I've heard the Egnater Tweaker can be equipped with a variety of power tubes, so I'm a little curious about that too. The Marshall seems like a "turn it on and get THAT sound" solution that I'm not sure the Tweaker would deliver.

So...

Anybody got a DSL20HR? How do you like it? Any downsides?

Anybody tried EL34 or similar tubes in the Egnater Tweaker? How'd it go?

Any other amps you'd put on this list of small size heads, 20W or so, EL34 or similar?


----------



## DaddyDog (Apr 21, 2017)

EL84's in the Sarge head, made by Analog Outfitters in Illinois. I have one (possibly first one in Canada). There's one for sale now at Capsule: Analog Outfitters Sarge


----------



## Guest (Apr 9, 2018)

Greg Ellis said:


> I would prefer to go with something in the EL34 camp


https://guitarscanada.com/index.php?threads/traynor-ironhorse-40-watt-all-tube-guitar-head.206761/


----------



## Greg Ellis (Oct 1, 2007)

laristotle said:


> https://guitarscanada.com/index.php?threads/traynor-ironhorse-40-watt-all-tube-guitar-head.206761/


I've listened to some clips of the Iron Horse in the past, and I did that again when that For Sale thread popped up recently. 

I have a lot of respect for Traynor, and I like the "Canadian" angle very much, but the sounds I've heard from that amp don't seem to be in the "roaring Plexi" territory that I'm chasing right now. My Deluxe already covers cleans and edge of breakup and even some grind when I boost it or put the right OD in front.


----------



## SG-Rocker (Dec 30, 2007)

I became very interested in the DSL20HR as well and although none of the local shops are stocking one, I did get to try the combo version.
The 70/80 speaker killed it for me.

The sound that I know you're after is not in this amp, you are looking for the DSL crunch channel.
Sadly this amazing channel is only offered in the 40C and 100H.

Someday Marshall will learn to quit making their lower powered offerings with half the features of the higher powered ones.

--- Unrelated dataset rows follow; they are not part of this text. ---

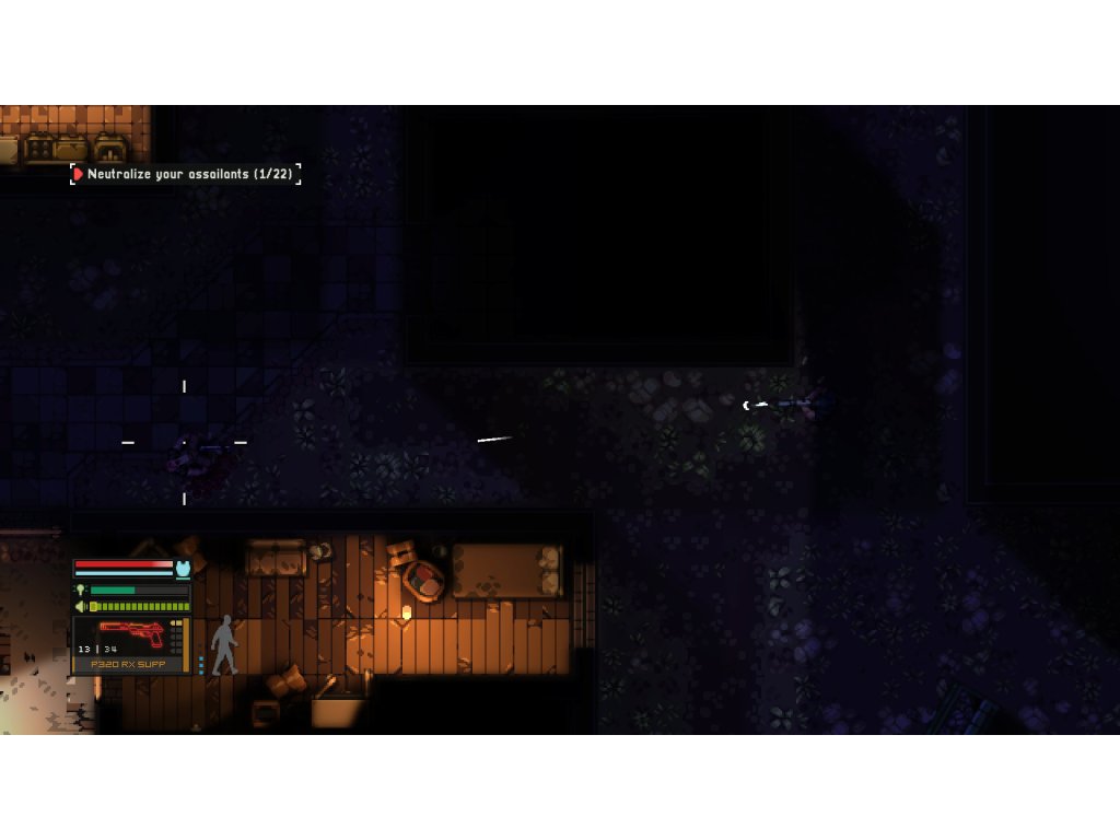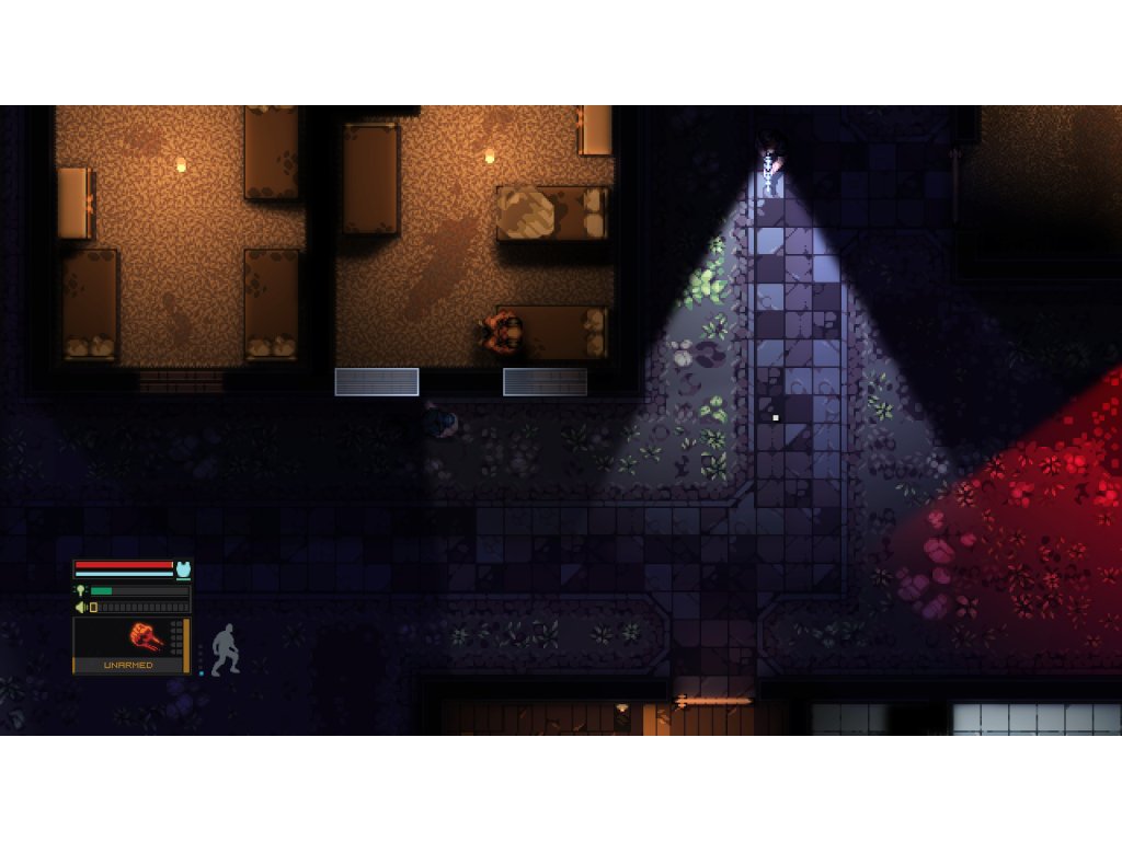 - Old-school stealth. Your visibility depends on how well-lit the environment is, and every step you take makes noise.
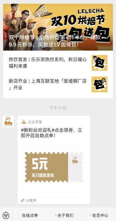 10月9日晚6:00,樂樂茶官方公眾號發(fā)出推文,官宣雙十烘焙節(jié)活動。用戶可點擊推文中8款主推軟包SKU圖片的任意位置,跳轉(zhuǎn)至點單小程序下單。未注冊會員可掃碼推文末尾醒目的二維碼進行注冊并領(lǐng)取5元無門檻優(yōu)惠券。點擊推文末尾左下角的“閱讀原文”,可跳轉(zhuǎn)至樂樂茶官方微博的本活動宣傳頁面,引導(dǎo)用戶轉(zhuǎn)發(fā)該條微博,參與曬單抽獎活動。
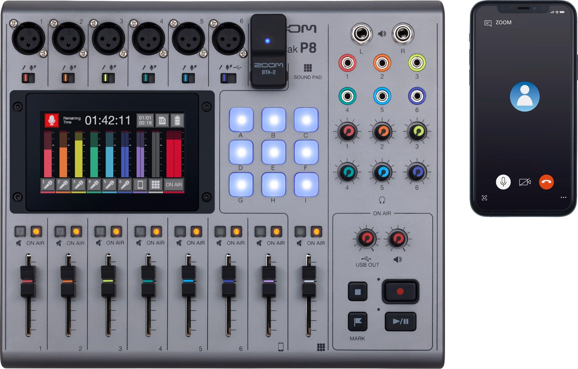The P8 features a dedicated channel for recording phone calls. And channel six can be switched to USB mode to record your guests via computer. Both options include a Mix-Minus feature to prevent echo and feedback for the caller.
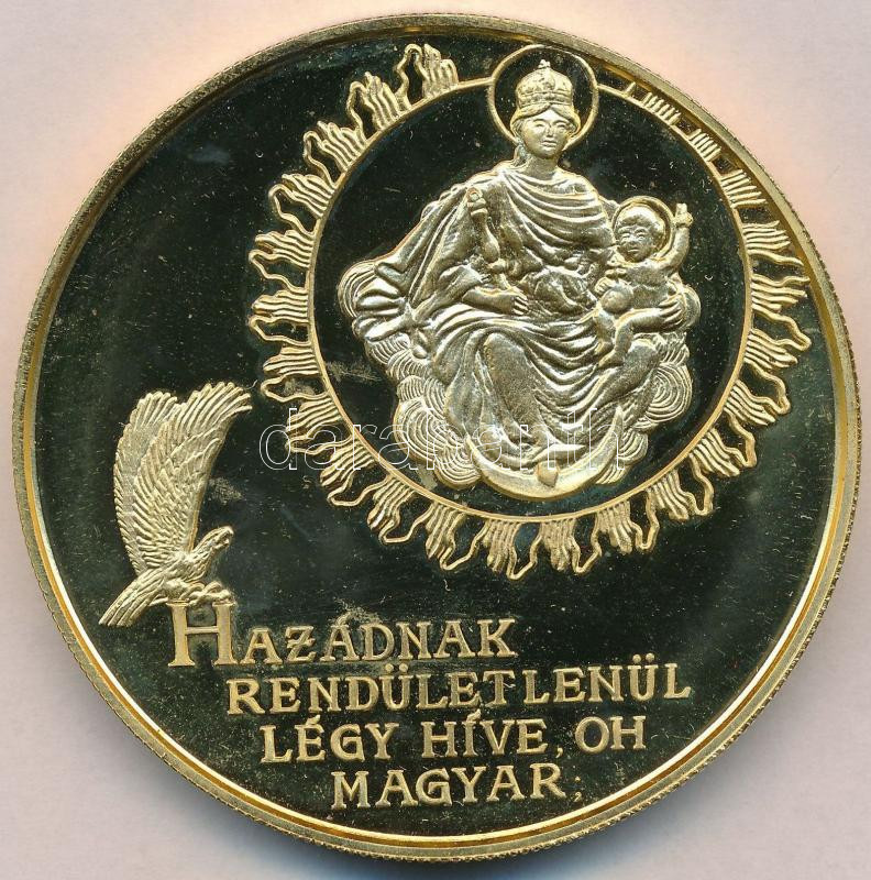 Bognár György (1944-) 1990. "Magyar Köztársaság 1956-1989. Október 23. / Hazádnak rendületlenül légy hÃve, oh magyar;" piefort aranyozott Cu emlékérem, sorszámozott tanúsÃtvánnyal (65mm) T:2(PP)
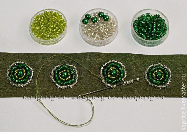Первой пришиваем бусину, вокруг зелёный бисер, затем вокруг пришиваем тёмно-зелёный бисер, и тем же способом иголка вперёд-назад пришиваем вокруг серебристый бисер.
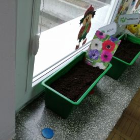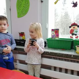 Dzieci z dużym zaangażowaniem przystąpiły do pracy, sadziły kwiaty tj. begonie, zawilce, hiacynty i siały nasiona bazylii, pietruszki.
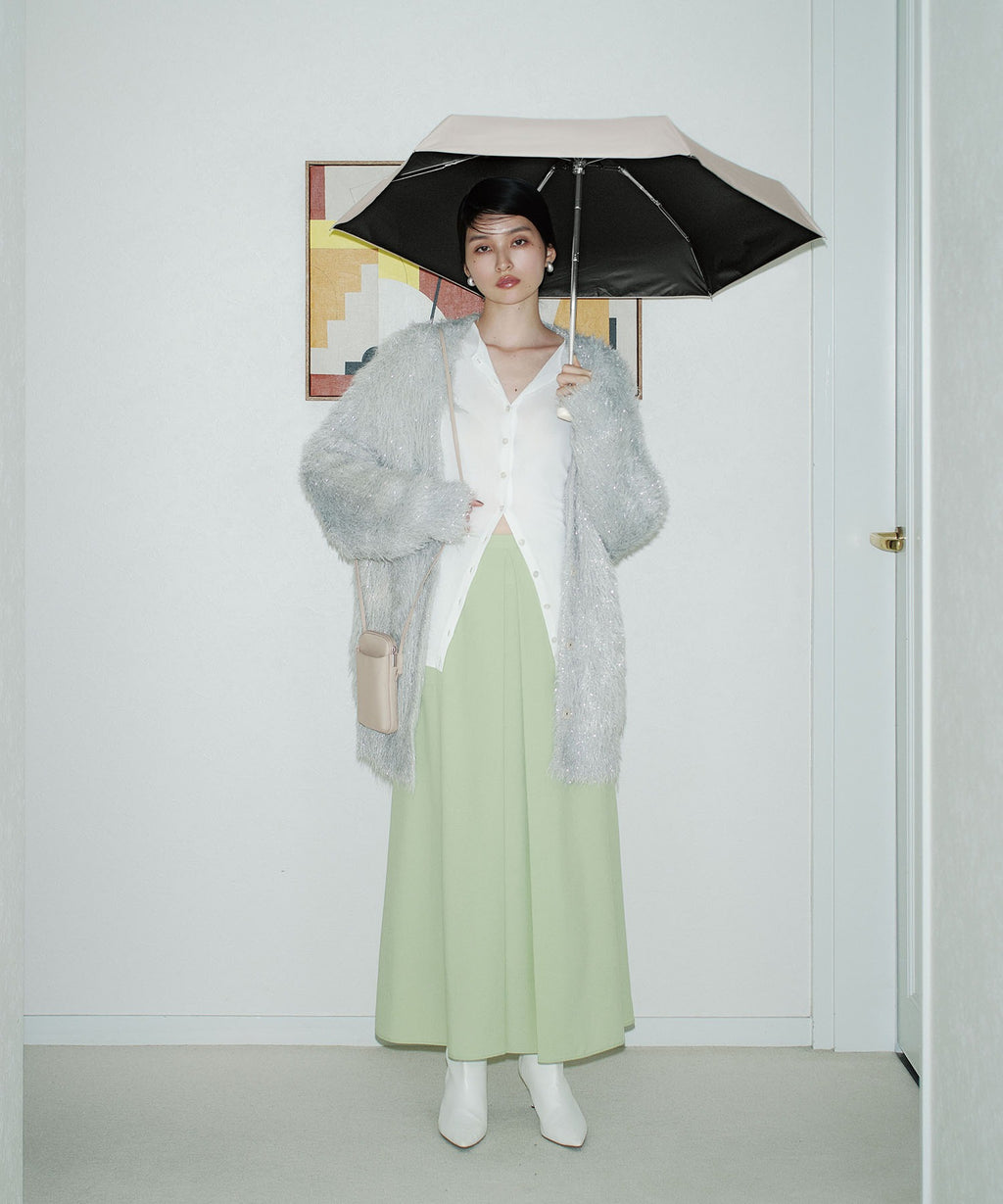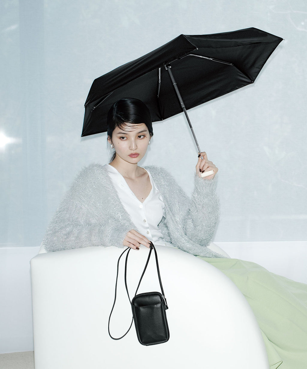 上品なPU素材のショルダーポーチにすっきり収まるミニ折りたたみ傘
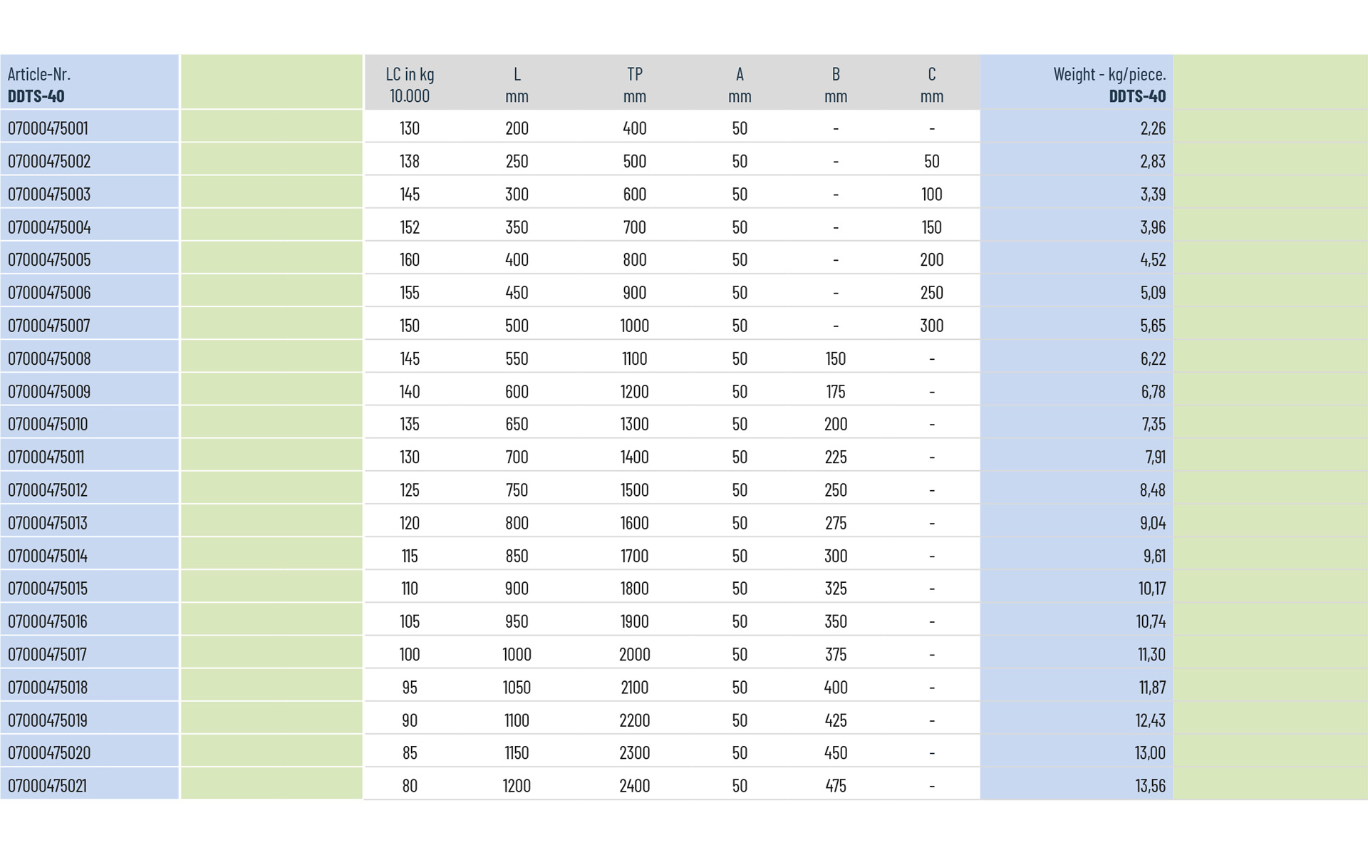 Cross-section: 48 x 40 mm | Length: 200 to 1200 mm
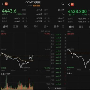截至发稿时,国际金价盘中出现上扬,COMEX黄金和伦敦现货黄金价格跌幅均大幅收窄,重上4400美元上方。

That said, the new DSL40C is a home run winner and the Celestion V type is perfect.


----------



## Greg Ellis (Oct 1, 2007)

I'm kind of curious about the new Marshall Origin series too - there's a 20W Head with 2 x EL34 in that lineup too - but from what I've heard so far they don't really have a whole lot of gain on tap.


----------



## Budda (May 29, 2007)

Grab a used dsl50 (not the H one) and enjoy.


----------



## gtone (Nov 1, 2009)

DSL's don't sound like plexi's to me. They're obviously voiced in the Marshall camp, but they're more modern sounding than the old 4 holer JTM/JMP's (ie. less mids, more low end, top end sounds close, but not quite there, if you know what I mean).


----------



## VanillaTrice (Feb 24, 2016)

I might sound like the oddball of the bunch, but I'd suggest looking at a Blackstar HT20. You can pick these up quite cheaply on the used market and they sound awfully Marshall like to my ears. Two EL34s in there....


----------



## pickslide (May 9, 2006)

I have a Landry LS30...30w with 2 el34s. Great sound!


----------



## sulphur (Jun 2, 2011)

Marshall 2525, Mini Silver Jube.


----------



## filmosound (Feb 27, 2006)

Though this should not be in the same thread as a DSL... I wanted to mention a MORRIS Perplex’d Jr 15 or Jr 30 with EL34’s! Hand-wired and built like a tank in Canada. 21” wide head.


----------



## Dorian2 (Jun 9, 2015)

I was in L&M looking for strings when I sauntered by the DSL 20H. I've Gassed over the Origin, or at least trying it, and wasn't even aware of the new DSL series Marshall has out. Since they didn't have an Origin in stock, they rented the DSL20H to me. Have it for a week, so I'll attempt to try to write up something on it after I've done all the testing and comparing with the many different setups I use at home. So far the DSL20H absolutely RIPS the head off the BS20H as far as the Tone I'm looking at. Pure Marshall Mojo in this amplifier. Took me 10 minutes to dial it in, and I haven't used a Marshall since the early 90's. A lot of great extra features too like Emulated Out for silent/direct recording, accepts both 8 and 16 Ohm/Stereo outs, and a Footswitchable FX loop along with the 2nd (fucking awesome) Gain channel. It's connected to my 2x12 BS that is loaded with V30's (70/80's replaced). If you try one out at the store, see if you can check the head out through a cabinet loaded with decent speakers. 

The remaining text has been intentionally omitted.